What this task involves: There are pictures in the records below; leave them out and set down exactly the lines from the one holding "Donyoie 5V 1A" through the one holding "La campagna di".
═════ Data for review ═════
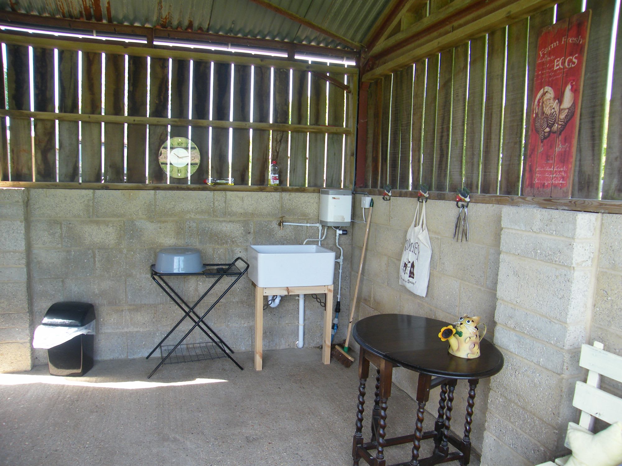 four toilets and a washing up point sheltered beneath the roof of a lean-to
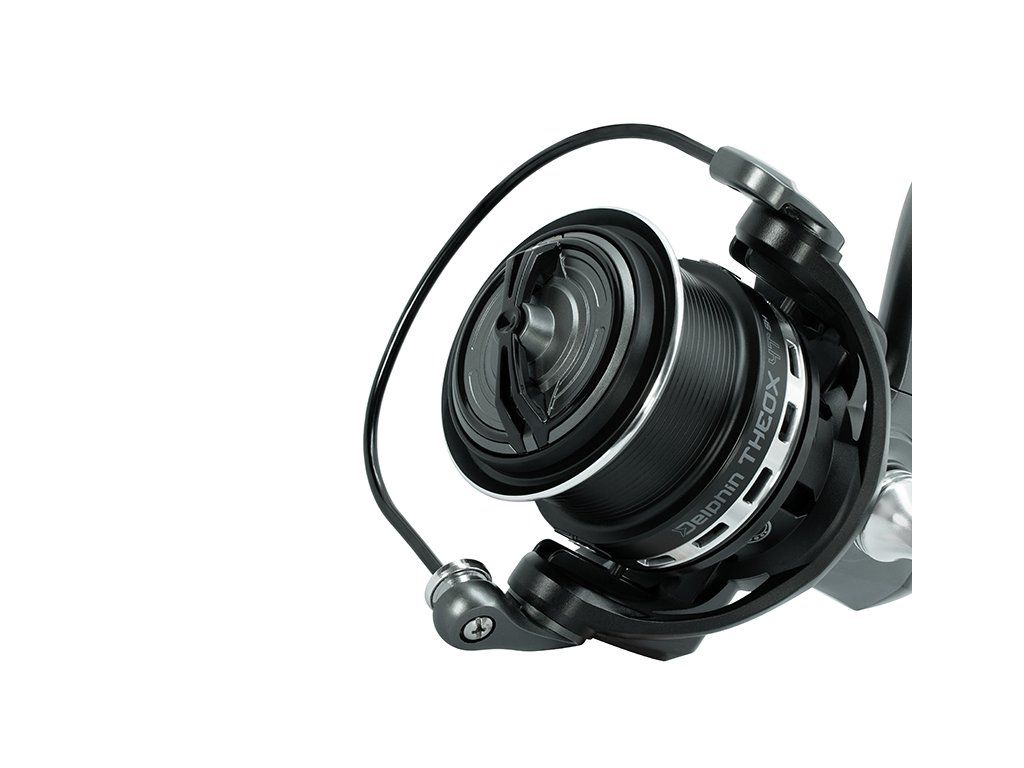Elegantní design, kompaktní velikost a špičkové vlastnosti – i tak by se dal v krátkosti popsat model Delphin THEOX, který byl speciálně navržen pro lov feederovou technikou. Jeho rozměry jej předurčují k použití při klasickém feederu, ale i při lovu na method feeder. Model THEOX disponuje 6 kuličkovými ložisky, která se starají o plynulý a tichý chod. Spolehlivý převodový mechanismus s poměrem 5.1:1 zaručuje jistotu při zdolávání ryb a zároveň umožňuje rychlé stažení montáže při přehazování, díky čemuž bude váš lov efektivnější. Cívka, kterou je naviják vybaven, poutá pozornost nejen designovým zpracováním, ale také svými technickými parametry. Mělká, ale dostatečně široká cívka umožňuje precizní navinutí vlasce a minimalizuje tření. Odvíjení je tak maximálně plynulé, což oceníte zejména při přesných hodech na delší vzdálenosti. Na cívce se navíc nachází odhozová hrana, která snižuje tření při nahazování a tak budou vaše hody ještě o něco déle. Jelikož při lovu na feeder je přesnost klíčová, cívku jsme vybavili dvěma kovovými klipy. Pod cívkou se nachází plastová ochrana, která zabraňuje vniknutí vlasce pod cívku při nahazování. Naviják disponuje pomalou přední brzdou, která umožňuje přesné přizpůsobení brzdné síly podle aktuálních podmínek při zdolávání. Kovová klika je k navijáku připevněna pomocí technologie Screw-In, což znamená, že se zatáčí přímo do matice v těle navijáku. Díky tomu se eliminuje jakákoli vůle. Pro maximální komfort při manipulaci je klika vybavena pogumovaným madlem, které dokonale sedne do ruky. Elegantní tmavý design s jemnými stříbrnými prvky činí z modelu Delphin THEOX naviják, který se hodí téměř ke všem barevným kombinacím. Díky své spolehlivosti a špičkovým vlastnostem se stane každá výprava pohodlnější a efektivnější. Technické rozměry: Delphin THEOX 4T SH vel. S 4000 Kapacita cívky mm/m: 0.18/309, 0.20/250, 0.22/200 Převodový poměr: 5.1:1 Návin na jedno otočení kliky: 83cm Počet ložisek: 5+1 Hmotnost: 314g Delphin THEOX 5T SH vel. S 5000 Kapacita cívky mm/m: 0.20/400, 0.22/330, 0.24/278 Převodový poměr: 5.2:1 Návin na jedno otočení kliky: 85cm Počet ložisek: 5+1 Hmotnost: 380gDoplňkové parametry
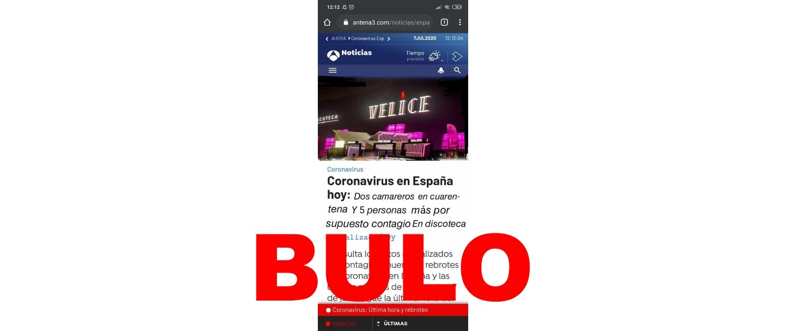 Nos habéis consultado por una supuesta imagen de la web de Antena 3 en la que pone "Coronavirus en España hoy: Dos camareros en cuarentena y 5 personas más por supuesto contagio en discoteca" e incluye una imagen de Velice Discoteca, en Torrevieja (Alicante). Es un bulo, la imagen es un montaje. Además, la Conselleria de Sanitat Universal i Salut Pública de la Generalitat Valenciana no tiene constancia de este supuesto contagio, a fecha del 08/07/2020 a las 17:40.
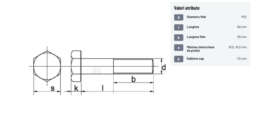 | Descriere detaliată | Șurub cu cap hexagonal, filet parțial, lungimea este măsurată de sub cap. ISO 4014 înlocuiește DIN 931: conform ISO, dimensiune cheilor 16, 18, 21 și 34 sunt acum pentru M10, M12, M14 și, respectiv, M22. | |
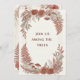 Invite a sus invitados a una celebración entre los árboles con esta invitación de boda rústica boho del bosque. Diseñada con helechos dibujados a mano, hongos y flores silvestres en una suave paleta de rosa polvoriento y terracota, esta tarjeta plana de 5" x 7" presenta encantador arte de línea botánica y texturas de grano de madera. La parte delantera incluye la frase "Únanse a nosotros entre los árboles" en una elegante tipografía serif, mientras que la parte trasera ofrece espacio para los detalles de la boda con acentos minimalistas inspirados en la naturaleza. Impresa en papel premium Signature Matte para un tacto atemporal.
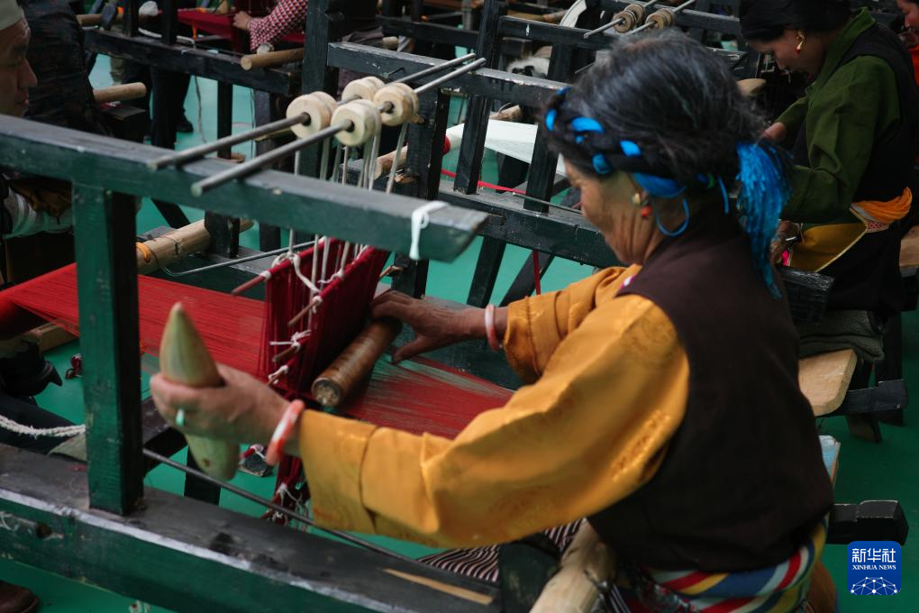 西藏日喀則市仁布縣特色產業孵化園,亞德細褐合作社紡織工人在紡織
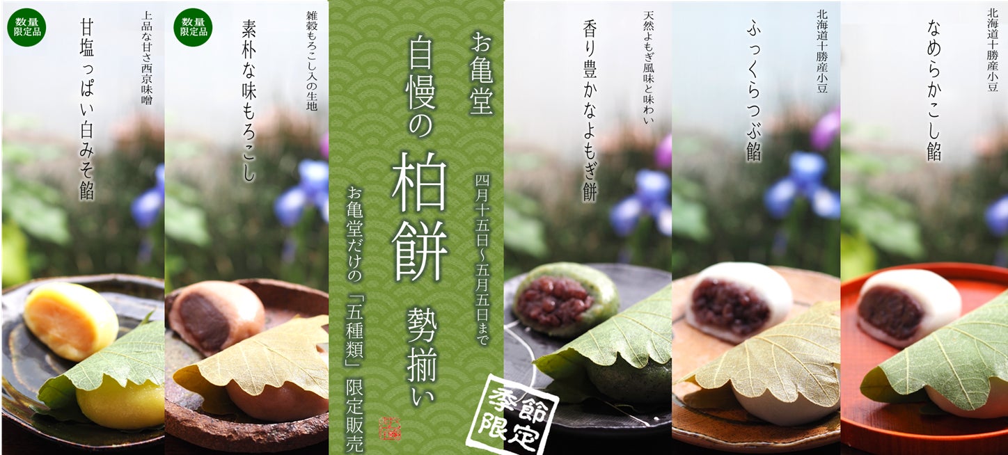 株式会社お亀堂(本社:愛知県豊橋市/代表取締役:森貴比古)は、4月15日~5月7日の期間限定で柏餅5種類を東三河の直営店舗にて販売いたします。
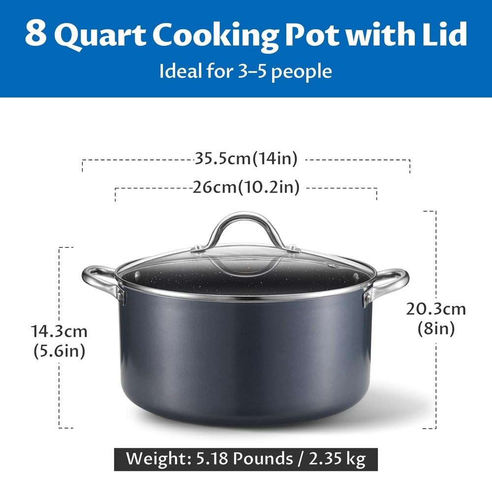 $ 25.35Large 8 Quart Nonstick Cooking Pot With Lid Induction Stock Pot Soup Pot For All
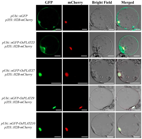 Most PLATZ proteins in rice are predicted to be located in the nucleus (Table S3). To better understand the characteristics of these proteins, four OsPLATZs, OsPLATZ3/7/9/10, were randomly selected for subcellular localization analyses. As illustrated in Figure 8, the complete coding sequences of OsPLATZ3/7/9/10 were cloned into the pRTV-nGFP vector under the control of the Ubiqutin promoter to construct vectors pUbi::nGFP-OsPLATZ3/7/9/10. Rice protoplasts were isolated and transiently co-transformed by pUbi::nGFP-OsPLATZ3/7/9/10 plasmids with the p35S::H2B-mCherry plasmid, which expresses a nucleus-localized protein, respectively. The signal of the control vector pUbi::nGFP was detected in the nucleus and cell membrane, and consistent expression patterns were observed in OsPLATZ3 (Figure 8). The GFP signals of OsPLATZ7/9/10 were observed in the nuclei and colocalized with the red fluorescence H2B-mCherry fusion protein. These results suggested that OsPLATZ proteins are located in the nuclei to participate in various biological processes.
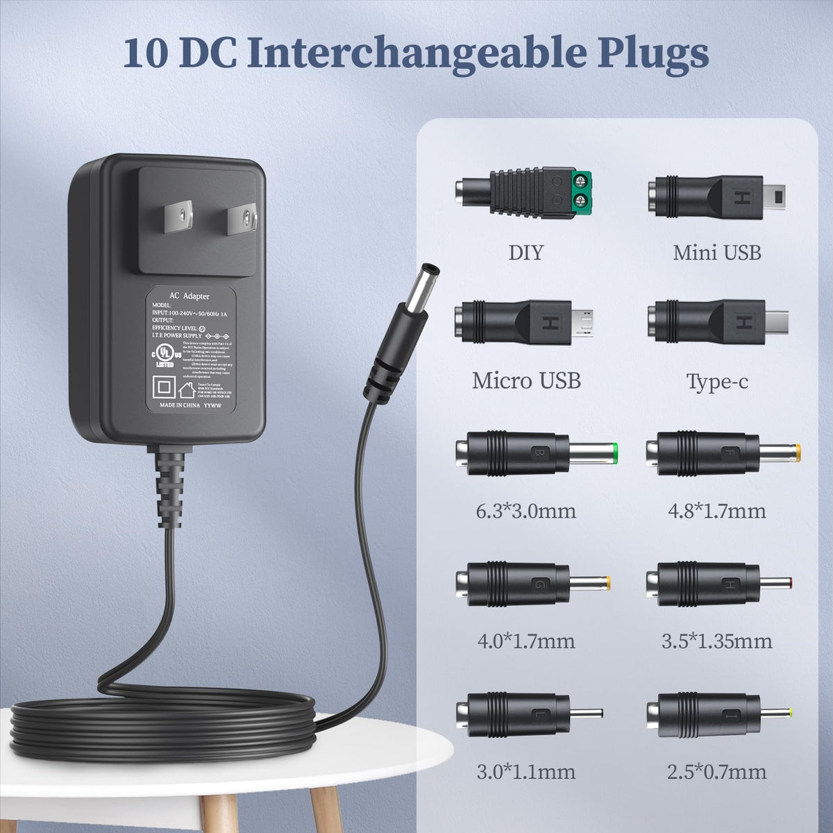 Donyoie 5V 1A Power Supply 5 Volt Charger 1000Ma 5W Max Regulated Switching Ac To Dc Cord Adapter With 10 Replacement Connector
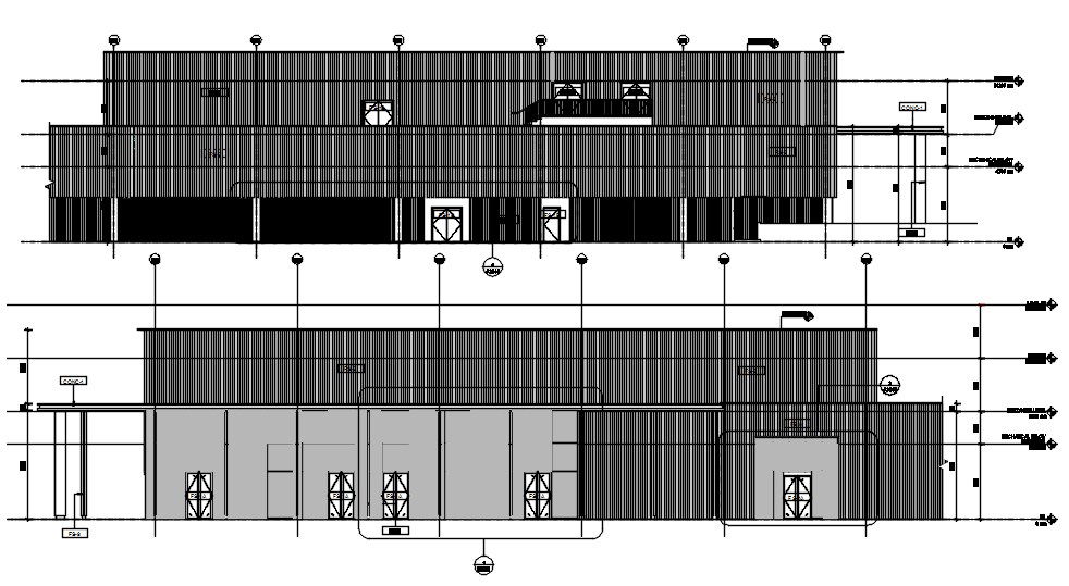 North and south part Elevation details of the restaurant building are given in this AutoCAD DWG 2D Drawing File. Download the AutoCAD DWG file now.
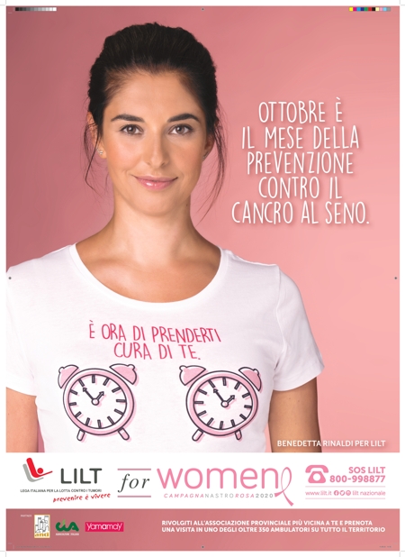 La campagna di comunicazione 2020 ha il volto della giornalista Benedetta Rinaldi, co-conduttrice della trasmissione Elisir su Rai3 e impegnata in Lilt con il ruolo di coordinatrice nazionale della Consulta Femminile. Prestando la sua immagine, la testimonial ricorda a tutte le donne che è ora di prendersi cura di sé attraverso una visita di controllo.
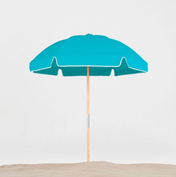 Built with the sunniest days in mind, Our Beach Umbrellas will exceed your expectations. Its ultra durable frame and heavy gauge resin parts makes this traditional umbrella the ultimate choice for your commercial, beach resort, hotel or beach concession environment.  Our umbrellas feature a fiberglass frame with ash wood pole with a pointed tip making it easy to post in the sand.  This umbrella features a two piece pole with either button installation to transport and store easily or screw in permanent for heavy use!  This umbrella is available with a valance providing a bit more shade, a bit more flair.
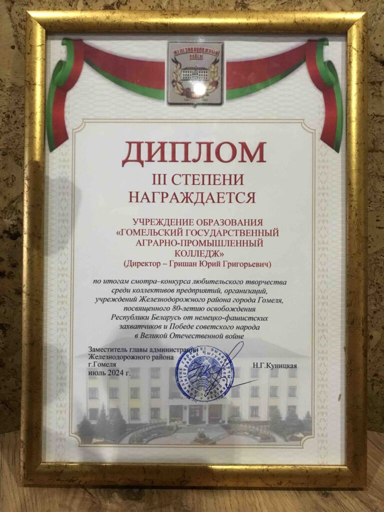 По итогам смотра конкурса художественной самодеятельности учреждений и предприятий Железнодорожного района наш колледж награждён дипломом 3 степени !!!
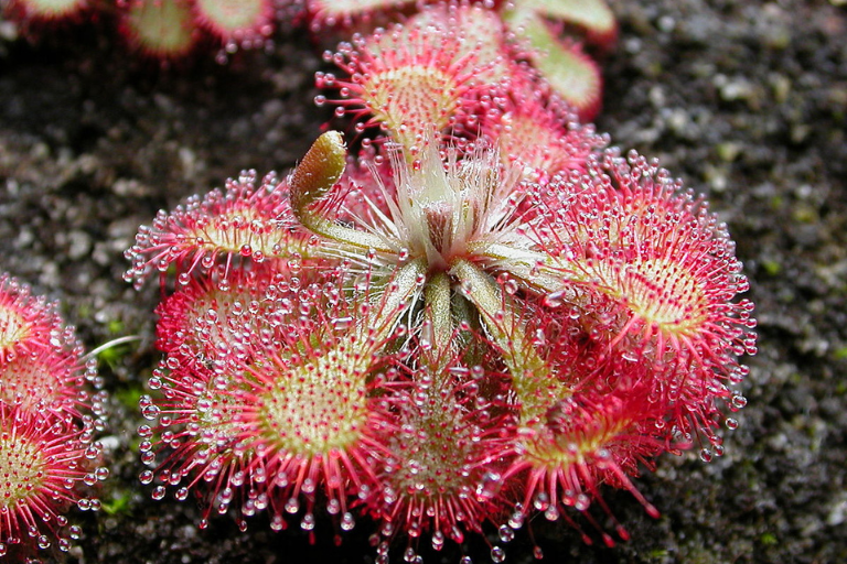 Tiny but deadly, the Sundew employs sticky, glandular tentacles to ensnare and digest insects. Found in nutrient-poor soils, these carnivorous plants have evolved a unique strategy to supplement their nutritional needs.
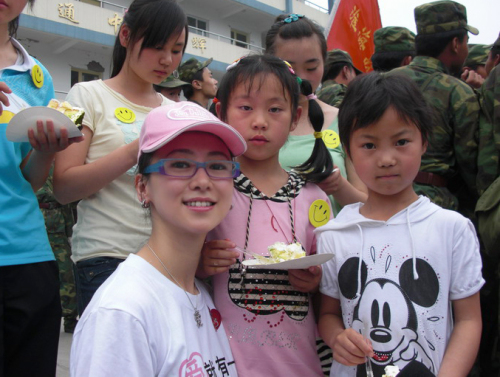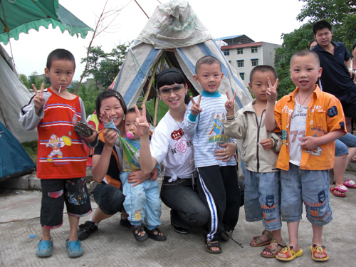 我和小雪(右一)提前共度这个特殊的“六一”儿童节,这五位小朋友在这次地震都成了孤儿
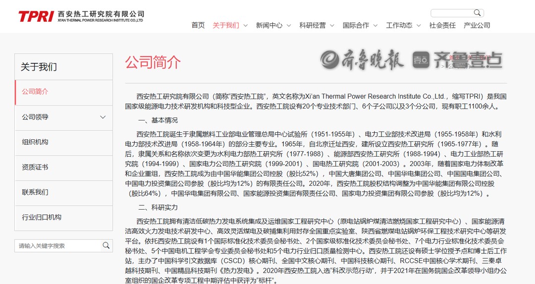 西安热工研究院有限公司(简称“西安热工院”,英文名称为Xi’an Thermal Power Research Institute Co.,Ltd.,缩写TPRI)是我国国家级能源电力技术研发机构和科技型企业。西安热工院设有20个专业技术部门、6个子公司以及3个分公司,现有职工1100余人。
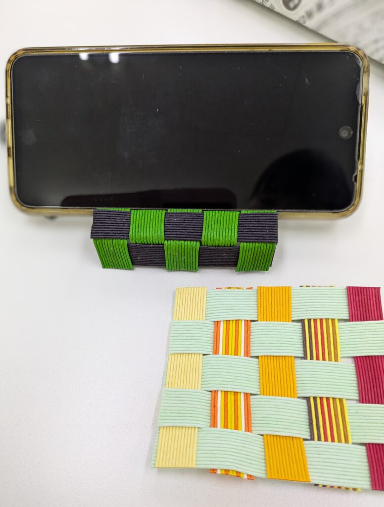 皆さんはじめてでしたが、見本を見ながら長さを測りカット、ボンドの位置を確認しながら丁寧に作成されました。色の組み合わせも自由に選ばれ素敵な作品が出来ました💞
═════
Exercise solution:
 Donyoie 5V 1A Power Supply 5 Volt Charger 1000Ma 5W Max Regulated Switching Ac To Dc Cord Adapter With 10 Replacement Connector
 North and south part Elevation details of the restaurant building are given in this AutoCAD DWG 2D Drawing File. Download the AutoCAD DWG file now.
 La campagna di comunicazione 2020 ha il volto della giornalista Benedetta Rinaldi, co-conduttrice della trasmissione Elisir su Rai3 e impegnata in Lilt con il ruolo di coordinatrice nazionale della Consulta Femminile. Prestando la sua immagine, la testimonial ricorda a tutte le donne che è ora di prendersi cura di sé attraverso una visita di controllo.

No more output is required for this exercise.